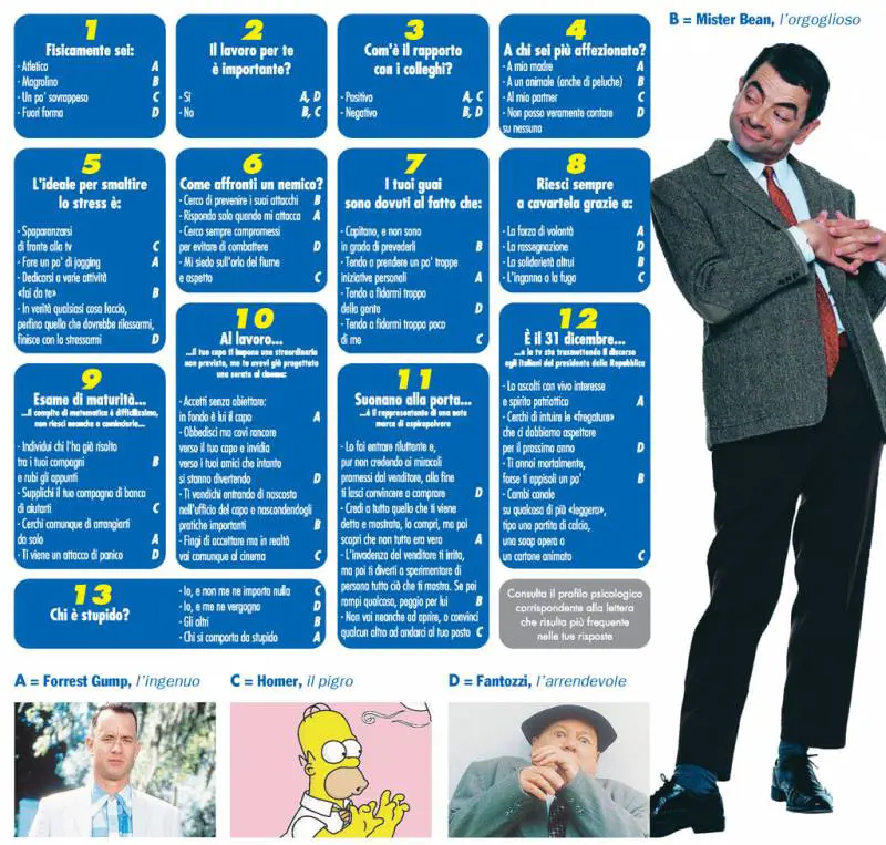 Un capitolo a parte sarebbe da dedicare allo stupido che si sente un genio: una mina vagante destinata a esplodere improvvisamente: in ambito familiare, sul luogo di lavoro, tra amici o semplici conoscenti. Riconoscerli (o riconoscerci) sarebbe il massimo. Il mensile Focus ci ha provato stilando un test scientifico con 13 domande «rivelatrici». Dopo aver risposto è previsto però un unico verdetto: «Stupido!». Anche se - a parziale «consolazione» - si potrà scegliere tra ben «quattro profili psicologici»: «A», corrispondente a Homer Simpson; «B», a Fantozzi; «C» a Forrest Gump; «D» a Mister Bean. Quattro super stupidi, con il pregio almeno di essere simpatici ciascuno a suo modo. Ma lo stupido che si muove nel mondo reale è davvero assimilabile a personaggi della fiction? Sul punto anche gli esperti mostrano di nutrire più di un dubbio. «Storicamente la stupidità è una piaga che affligge l’umanità - afferma lo storico ed economista, Carlo Cipolla -. Non potremo mai sconfiggerla del tutto, ma i suoi effetti possono essere meno gravi se capiamo come funziona». Cipolla ha individuato tre caratteristiche per «prevenire e curare»: La prima: «La stupidità è inconsapevole e recidiva».
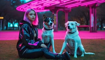 A girl with a short haircut keeps a Chihuahua dog in an orange vest High quality photo : Generative AI
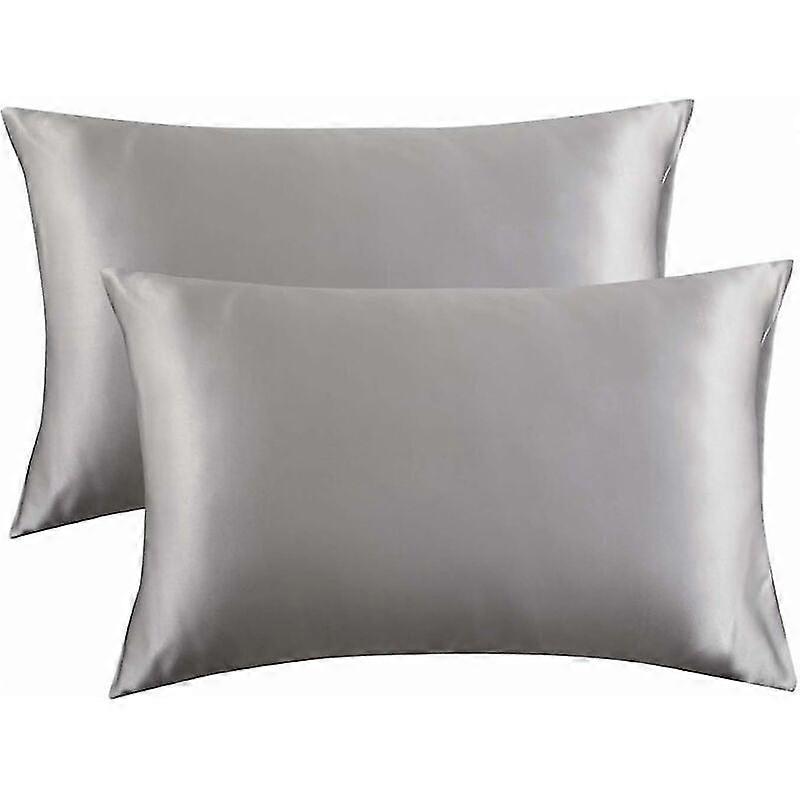 Pillowcase Satin Pillowcase Simulation Silk Pillowcase Solid Color Pillowcase Bedding Pillowcase, 2pcs (51*76cm) Silver Gray
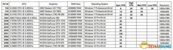根据帧率图表情报,GTX1070显卡才能流畅游玩,入门配置AMD7700仅8帧率,采用GTX970显卡亦可流畅游玩。
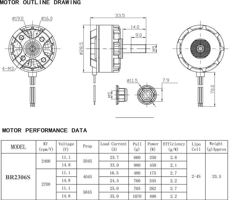 Или 1 бесщеточный двигатель BR2306S 2400KV CCW
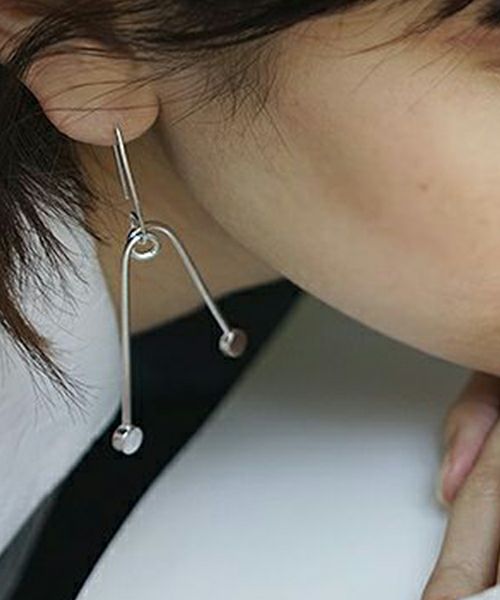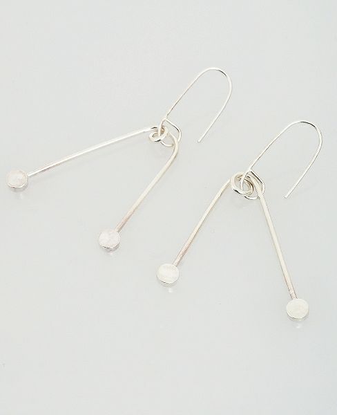 振り子の様なデザインが特徴的なピアス。STERLING SILVERを使用。スターリングシルバー (sterling silver)とは 銀を92.5パーセント(925パーミル)含む合金のこと。 その純度からシルバー925などとも呼ばれ、 宝飾品や食器などに広く利用されている。
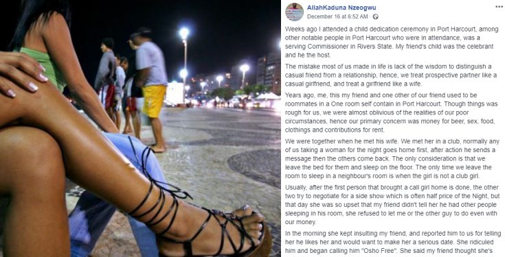 Nigerian man narrates how a prostitute changed his life and that of his friends
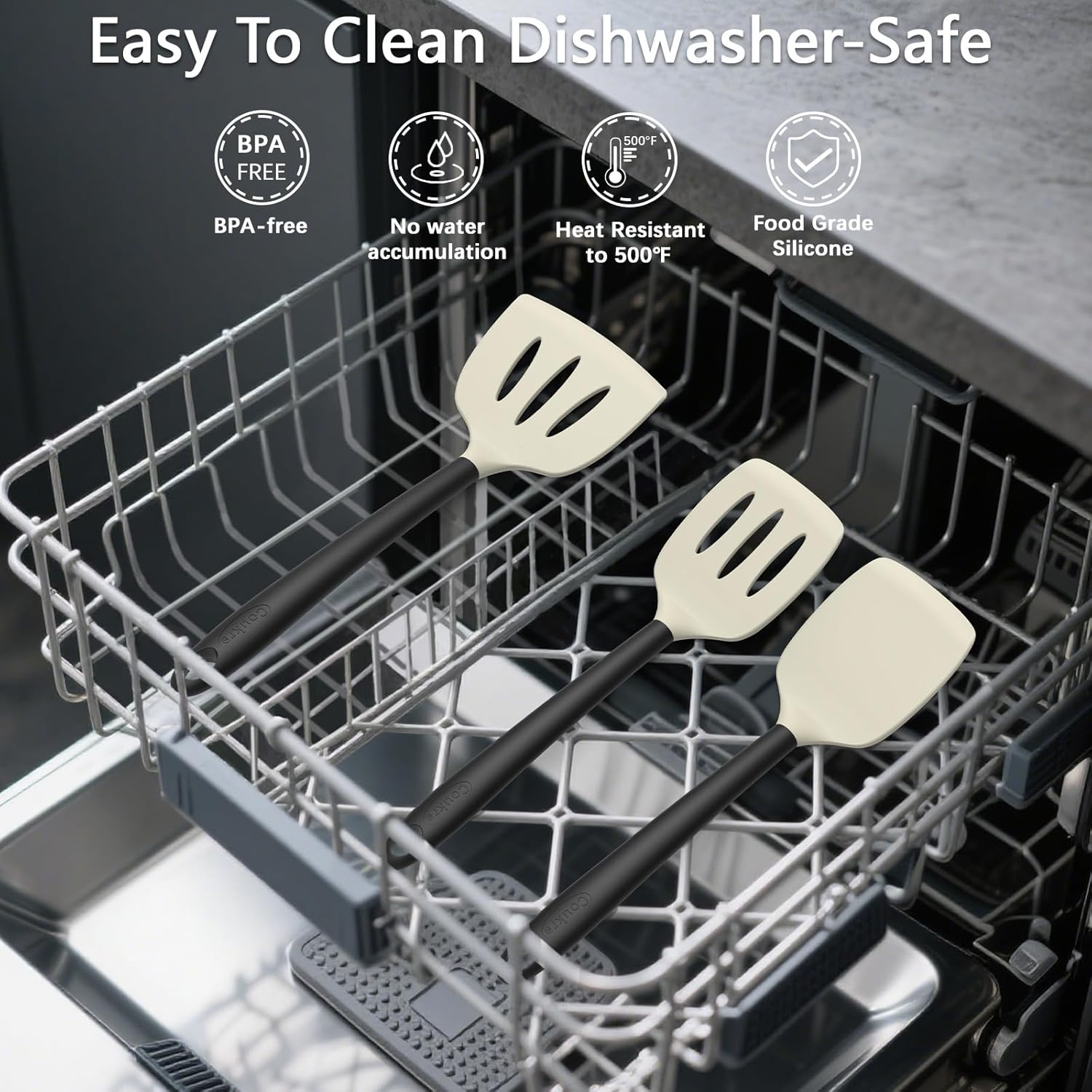 - [Easy to Clean & Dishwasher Safe]: The non-stick silicone surface makes cleanup a breeze, and all utensils are dishwasher-safe for added convenience. With top hanging holes and the included storage holder, organizing and storing your utensils is easier than ever

Problem description
In the records above, locate the line with "Или 1 бесщеточный"; output it and each line after it through the last one, exactly, omitting pictures.

Task response
 Или 1 бесщеточный двигатель BR2306S 2400KV CCW
 振り子の様なデザインが特徴的なピアス。STERLING SILVERを使用。スターリングシルバー (sterling silver)とは 銀を92.5パーセント(925パーミル)含む合金のこと。 その純度からシルバー925などとも呼ばれ、 宝飾品や食器などに広く利用されている。
 Nigerian man narrates how a prostitute changed his life and that of his friends
 - [Easy to Clean & Dishwasher Safe]: The non-stick silicone surface makes cleanup a breeze, and all utensils are dishwasher-safe for added convenience. With top hanging holes and the included storage holder, organizing and storing your utensils is easier than ever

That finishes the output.